For the salaried class, it is proposed that higher bracket income earner tax should be further enhanced from 30 percent to 40 percent in the next budget.
There are seven slabs in PIT for the salaried class and the IMF is asking to bring it down to four slabs. For the highest income bracket earners where the taxable income exceeds Rs6,000,000, the FBR will charge Rs880,000+ 30% of the amount exceeding Rs6,000,000. Now the IMF is proposing that the maximum rate should be enhanced from 30 to 40 percent.
On rationalization of GST, the IMF has recommended eliminating all zero-rating (Fifth Schedule) except for exports and bringing all other goods to the standard rate.
The Fund has asked for restricting the exemptions (Sixth Schedule) to only the supply of residential property (except the first sale) and bringing all other goods to the standard rate.

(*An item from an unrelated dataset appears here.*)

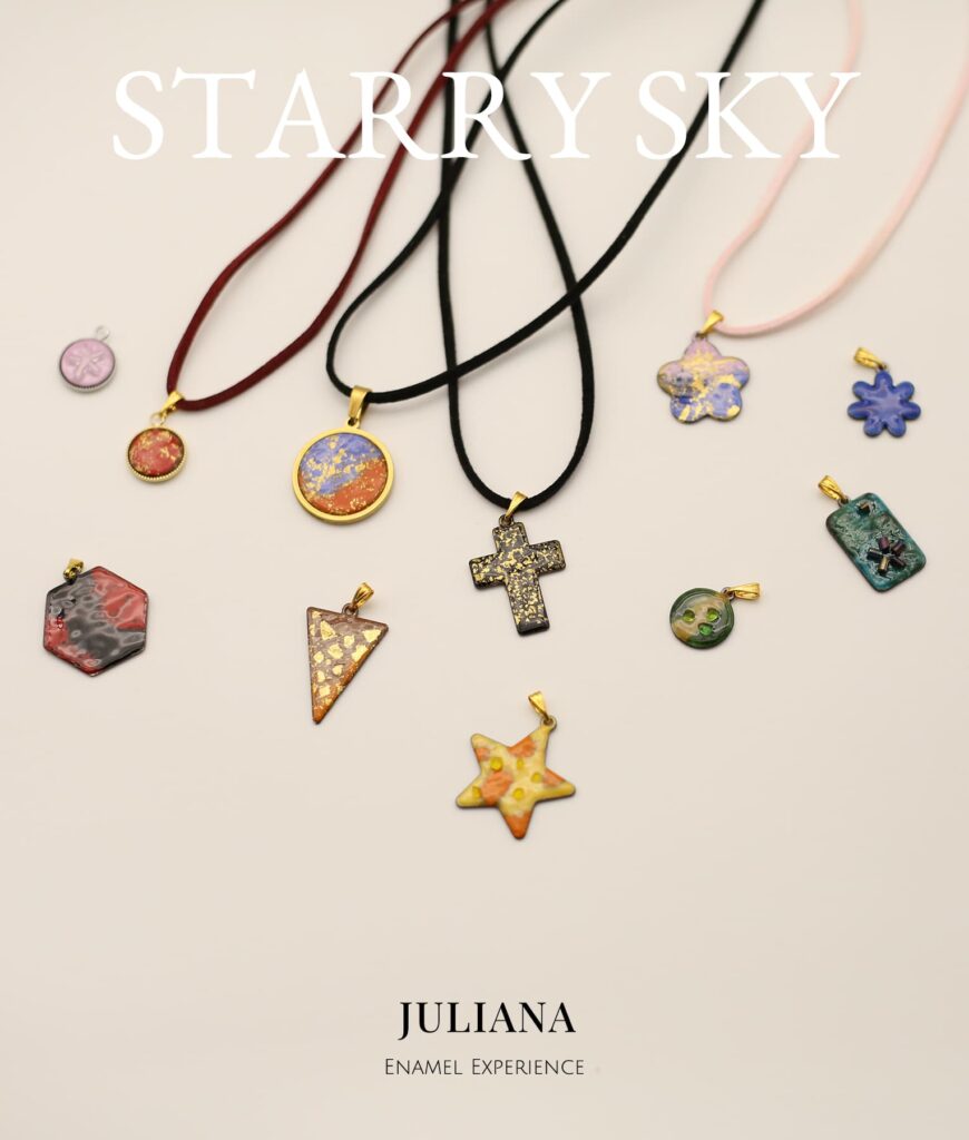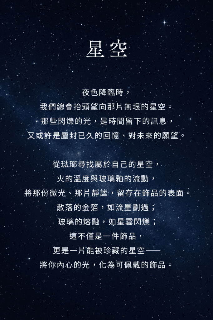 星空 琺瑯項鍊體驗課程 諮詢 報名 什麼是琺瑯? What is enamel? 琺瑯,又稱「七寶燒」,是一門結合金屬與玻璃,經由高溫燒製而成的古老工藝。其歷史可追溯至西元前 2300 年的美索不達米亞文明;在古埃及時期,琺瑯被廣泛應用於王室飾品、權杖與法老的金面具之中。隨後傳入希臘、羅馬與拜占庭帝國,成為宗教聖物與皇室珠寶的象徵。在炙熱的火焰中,琺瑯化為如寶石般的光澤,展現出透明而深邃的色彩。歷經千年傳承,至今仍以獨特的色彩層次與細膩質感,成為高級工藝的象徵。 星空故事 Creative Concept 體驗課程介紹 Experience Introduction 本課程將帶領您體驗傳承千年的琺瑯工藝之美。您可依照個人喜好,選擇喜愛的色彩與飾材(金箔/玻璃),在創作過程中,感受火焰、金屬與色彩交融的溫度,琺瑯將在燒製的瞬間幻化出如夜空般的光影層次,最終,親手完成一件屬於自己的琺瑯藝術飾品。 高級琺瑯材料細膩光澤,歷久彌新 使用日本原裝琺瑯釉藥,搭配台灣製金箔與日本琉璃裝飾,作品色澤飽滿、層次細膩,展現高雅而獨特的質感。 日本專業電窯穩定、安全、精準控溫 採用日本製專業電窯設備,操作簡易且安全性高,能精準掌握每一次燒製溫度。 體驗流程 Experience Steps 選擇樣式與釉色 提供超過 20 種胎底樣式,及18 色琺瑯釉。 紅銅胎底處理 使用砂紙將紅銅表面拋磨處理 琺瑯填色與裝飾 在老師指導下進行琺瑯釉填色,並學習金箔與琉璃珠的裝飾應用。 電窯燒製 此步驟為高溫操作,可選擇由老師陪同操作,或由老師代為完成。 項鍊組裝 選擇喜愛的線材顏色,由老師協助組裝成完整的琺瑯吊墜項鍊。 報名體驗 Registration Experience ⊱ 若您選擇報名開課前三天的課程,報名後請主動聯繫我們以加速處理流程。⊱ 填寫報名表後JULIANA將在24小時內傳送付款資訊及確認信,請於收到確認信後3日內完成付款。 星空琺瑯體驗體驗場次如欲報名一個場次以上,請分開報名雲林教室 2025/11/29(六) 上午10:00-12:00 2025/11/29(六) 下午1:00-3:00 ʚ親子限定場次ɞ 2025/11/29(六) 下午3:30-5:30 2025/11/30(日) 上午10:00-12:00 ʚ親子限定場次ɞ 2025/11/30(日) 下午1:00-3:00 2025/11/30(日) 下午3:30-5:30報名資料姓名行動電話電子信箱體驗人數- 請選擇報名人數 -1人2人3人4人5人6人從哪裡看到我們的課程呢?- 選擇 -官方網站google/搜尋引擎FacebookInstagram親友介紹其他體驗目的- 請選擇體驗目的 -興趣體驗親子娛樂慶祝生日慶祝紀念日慶祝佳節其他課程年齡限制 皆年滿18歲以上 13~17歲經家長同意報名,燒窯過程由老師代燒 12歲以下有家長陪同 ʚ請選擇親子時段ɞ其他備註事項 我已閱讀並同意教室規範、交易政策以及隱私權政策。報名完成

This will also raise the taxation of fuel in line with the average of comparators in the region and emerging economies.
The IMF seeks removal of reduced rates under the Eighth Schedule and bring goods thereunder to the standard rate, except a small number of essentials such as food staples and vital education and health items to be taxed at a single reduced rate of 10 percent. The bank wants to remove all compliance-related distortionary tax policy changes. This includes eliminating the minimum taxes and removing the Ninth and Tenth Schedules under GST Act.
On the income tax side, the IMF wants to repeal the FBR’s discretionary power to award tax incentives for industrial undertakings, and the discretionary power of the cabinet to award tax incentives. It calls for complementing the Tax Expenditure Report with a chapter that assesses the cost and benefits of tax incentives.
In case the tax incentives are granted in future, they should be time-bound and subject to regular assessment of costs and benefits. If the costs are higher than expected initially and/or benefits lower, incentives should be immediately withdrawn.
The IMF recommends transforming the remaining incentives into cost-based incentives, where possible, and reforming the minimum tax allowing the effect of accelerated deductions. It wants to implement a half-year rule to limit deductions the year an asset is put in use and repeal the minimum tax over the medium term, as the capacity for corporate income tax (CIT) administration strengthens and CIT revenue increases.